**Description of the task**
Would you copy out the following entries exactly, without any of the pictures?
○ ○ ○
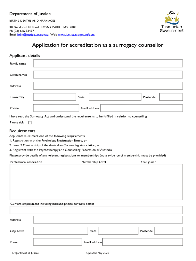 Email bdm@justice.tas.gov.au Web www.justice.tas.gov.au/bdmApplication for accreditation
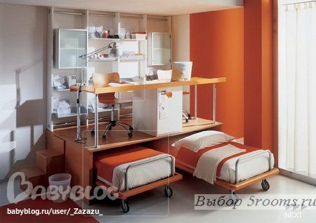 Столы под кроватями не устраивают совершенно, поэтому под кроватью должны быть ящики ( но не полки), либо выкатной стол, но стол если есть, то:
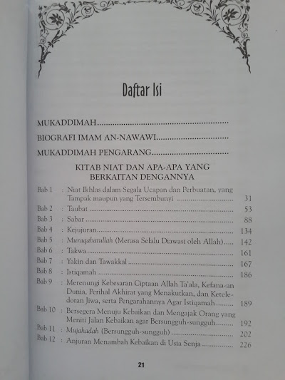 Sesungguhnya segala puji bagi Allah semata pemilik semesta alam. Buku ini berisi hadits-hadits tentang ibadah, muamalah, akidah dan lain-lain, yang ditulis oleh Imam An-Nawawi kemudian disyarah oleh Syaikh Ibnu Al-‘Utsaimin, berikut di antara isinya:
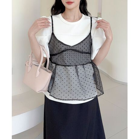 ドット柄xバックリボンが目を惹く、フェミニンなビスチェ。
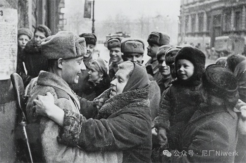 解除封锁后,列宁格勒市民热烈欢迎参加解围的苏军指战员。
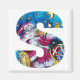 S lettre alphabet gras lettre design initial. Peinture musicale, capricieuse et artistique à l'aquarelle avec des couleurs vives rouge, bleu, jaune, blanc par Bulgan Lumini (c). Le Père Noël joue du violon dans la nuit d'hiver enneigée sous le ciel bleu, la lune et les étoiles jaunes avec un chouette amusant, expressif, chat et son sac de Noël plein de cadeaux colorés com
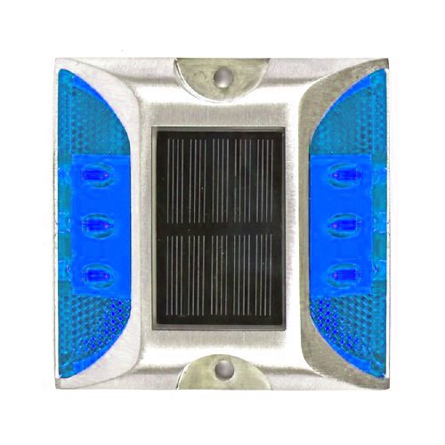 Ceļa atstarotājs, kas aprīkots ar LED diodēm un saules baterijām. Krāsa: zila. Izmēri: garums 105mm, platums 105mm, augstums 25mm. Saules panelis: 2.5V/120mAh. Akumulators: 1.2V/600mAh (NI-Mh baterija). Darba režīmi: mirgojošs vai pastāvīgs. Aprīkota ar 6gab. ļoti gaišām LED diodēm (d=5mm). Redzes diapazons: vairāk kā 800m. Gaismas intensitāte: 400-500lx. Darba temperatūra: -20 līdz +80 grādi pēc Celsija. Ūdensizturības klase: IP68. Darbības ilgums: vairāk kā 200h mirgojošajam režīmam/72h pastāvīgajam režīmam. Darbības ilgums: 3-5 gadi. Saspiešanas pretestība: >20T. Materiāls: polikarbonāts (PC), alumīnijs un PMMA atstarotājiem. Alumīnija korpuss. Stiprināms asfaltā vai betonā ar 2 skrūvēm vai pielīmējams ar speciālu līmi.
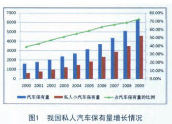 随着我国国民经济持续稳定增长,经济实力得到加强,我国汽车保有量也不断增加。2000年仅为1608.91万辆,而2009年底就急增至6280.6万辆。其中,私人汽车拥有量的迅猛增长是我国汽车拥有量增长的主要原因。从图1可以看出,2000~2009年间,我国汽车保有量一直保持着一个较高的增速,其中的主体是私人汽车的消费,私人汽车保有量占汽车保有量的比重由2000年的38.87%提高到2009年的72.84%,这很大程度上反映了随着城市居民收入水平不断提高,居民的消费结构和消费理念都发生了重大变化,汽车逐渐成为居民生活中的重要消费品,导致了私人小汽车井喷式的发展。
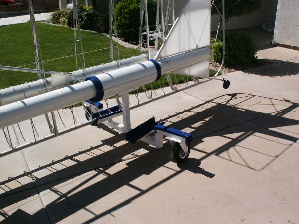 I made my wing support pads with the ability to "rock" a little, to allow for slight differences between the wing's and the pads. Another change I incorporated are little tabs on the back side of the main square tube, to allow for a tow bar. My intention, eventually, is to actually tow the plane , fully assembled, to my local airport. At least, that's the plan...we'll see. The entire cost of this version of my boom support was very close to $75, and about 2 1/2 days to build.
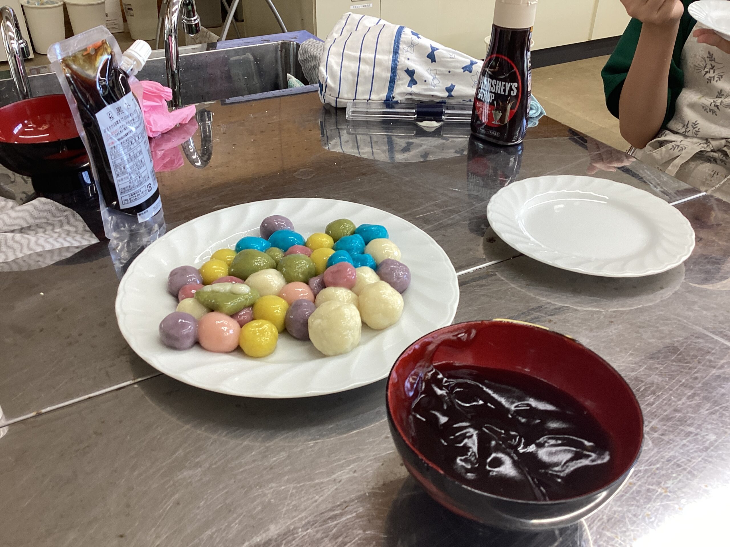 家庭同好会:家庭同好会では、みんな大好きみたらし団子作りに挑戦!生地をこねて、丸めて、ゆでて、タレをからめて…と、協力しながら作業を進めました。カラフルな団子も完成し、見た目も楽しい、美味しいみたらし団子に大満足でした。
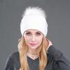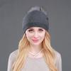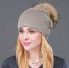 Women Winter Warm Cashmere Wool Knitted Real Fur Pom Pom Ball Beanie Hat
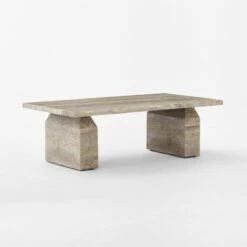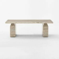 - The Civita Brown Travertine Coffee Table features a stunning brown travertine surface, adding a touch of sophistication to any living room.
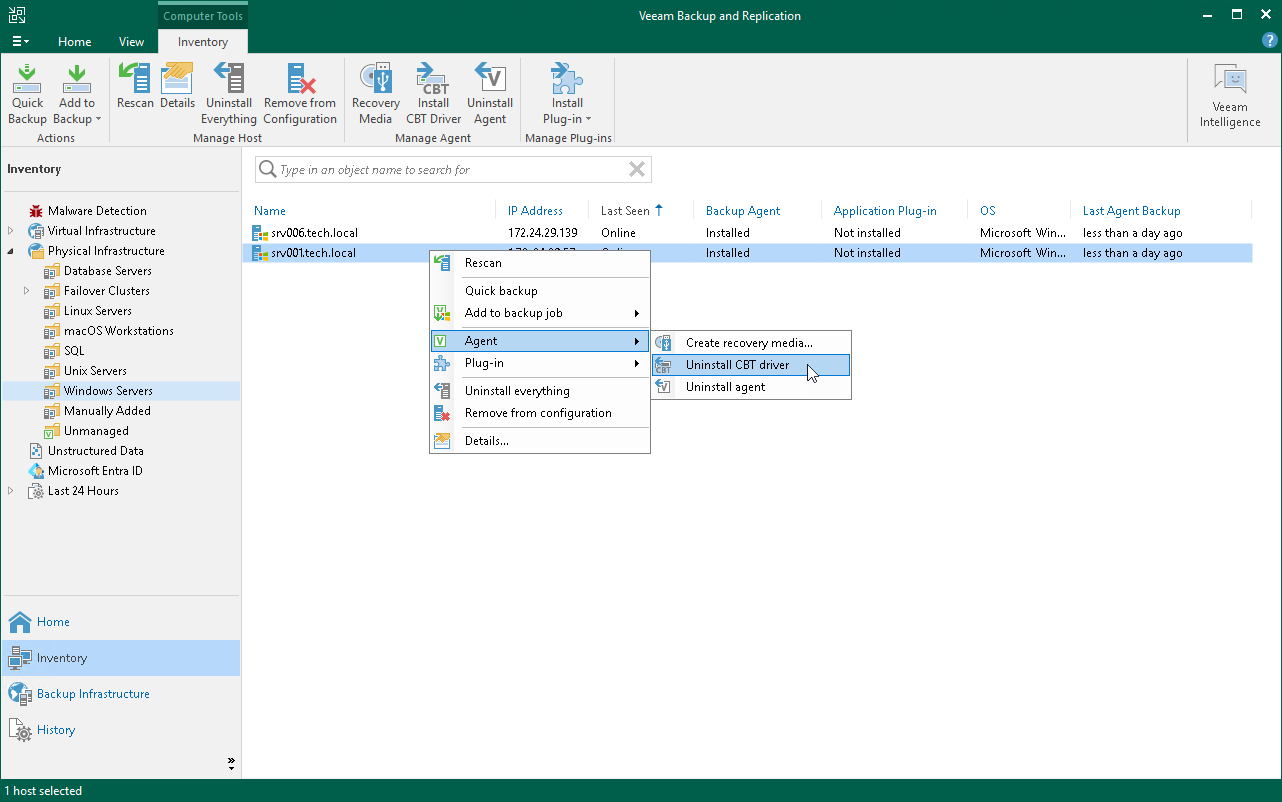 - In the working area, select the necessary computer and click Install CBT Driver on the ribbon or right-click the computer and select Agent > Install CBT driver.
○ ○ ○
**Output of the exercise**
 Email bdm@justice.tas.gov.au Web www.justice.tas.gov.au/bdmApplication for accreditation
 Столы под кроватями не устраивают совершенно, поэтому под кроватью должны быть ящики ( но не полки), либо выкатной стол, но стол если есть, то:
 Sesungguhnya segala puji bagi Allah semata pemilik semesta alam. Buku ini berisi hadits-hadits tentang ibadah, muamalah, akidah dan lain-lain, yang ditulis oleh Imam An-Nawawi kemudian disyarah oleh Syaikh Ibnu Al-‘Utsaimin, berikut di antara isinya:
 ドット柄xバックリボンが目を惹く、フェミニンなビスチェ。
 解除封锁后,列宁格勒市民热烈欢迎参加解围的苏军指战员。
 S lettre alphabet gras lettre design initial. Peinture musicale, capricieuse et artistique à l'aquarelle avec des couleurs vives rouge, bleu, jaune, blanc par Bulgan Lumini (c). Le Père Noël joue du violon dans la nuit d'hiver enneigée sous le ciel bleu, la lune et les étoiles jaunes avec un chouette amusant, expressif, chat et son sac de Noël plein de cadeaux colorés com
 Ceļa atstarotājs, kas aprīkots ar LED diodēm un saules baterijām. Krāsa: zila. Izmēri: garums 105mm, platums 105mm, augstums 25mm. Saules panelis: 2.5V/120mAh. Akumulators: 1.2V/600mAh (NI-Mh baterija). Darba režīmi: mirgojošs vai pastāvīgs. Aprīkota ar 6gab. ļoti gaišām LED diodēm (d=5mm). Redzes diapazons: vairāk kā 800m. Gaismas intensitāte: 400-500lx. Darba temperatūra: -20 līdz +80 grādi pēc Celsija. Ūdensizturības klase: IP68. Darbības ilgums: vairāk kā 200h mirgojošajam režīmam/72h pastāvīgajam režīmam. Darbības ilgums: 3-5 gadi. Saspiešanas pretestība: >20T. Materiāls: polikarbonāts (PC), alumīnijs un PMMA atstarotājiem. Alumīnija korpuss. Stiprināms asfaltā vai betonā ar 2 skrūvēm vai pielīmējams ar speciālu līmi.
 随着我国国民经济持续稳定增长,经济实力得到加强,我国汽车保有量也不断增加。2000年仅为1608.91万辆,而2009年底就急增至6280.6万辆。其中,私人汽车拥有量的迅猛增长是我国汽车拥有量增长的主要原因。从图1可以看出,2000~2009年间,我国汽车保有量一直保持着一个较高的增速,其中的主体是私人汽车的消费,私人汽车保有量占汽车保有量的比重由2000年的38.87%提高到2009年的72.84%,这很大程度上反映了随着城市居民收入水平不断提高,居民的消费结构和消费理念都发生了重大变化,汽车逐渐成为居民生活中的重要消费品,导致了私人小汽车井喷式的发展。
 I made my wing support pads with the ability to "rock" a little, to allow for slight differences between the wing's and the pads. Another change I incorporated are little tabs on the back side of the main square tube, to allow for a tow bar. My intention, eventually, is to actually tow the plane , fully assembled, to my local airport. At least, that's the plan...we'll see. The entire cost of this version of my boom support was very close to $75, and about 2 1/2 days to build.
 家庭同好会:家庭同好会では、みんな大好きみたらし団子作りに挑戦!生地をこねて、丸めて、ゆでて、タレをからめて…と、協力しながら作業を進めました。カラフルな団子も完成し、見た目も楽しい、美味しいみたらし団子に大満足でした。
 Women Winter Warm Cashmere Wool Knitted Real Fur Pom Pom Ball Beanie Hat
 - The Civita Brown Travertine Coffee Table features a stunning brown travertine surface, adding a touch of sophistication to any living room.
 - In the working area, select the necessary computer and click Install CBT Driver on the ribbon or right-click the computer and select Agent > Install CBT driver.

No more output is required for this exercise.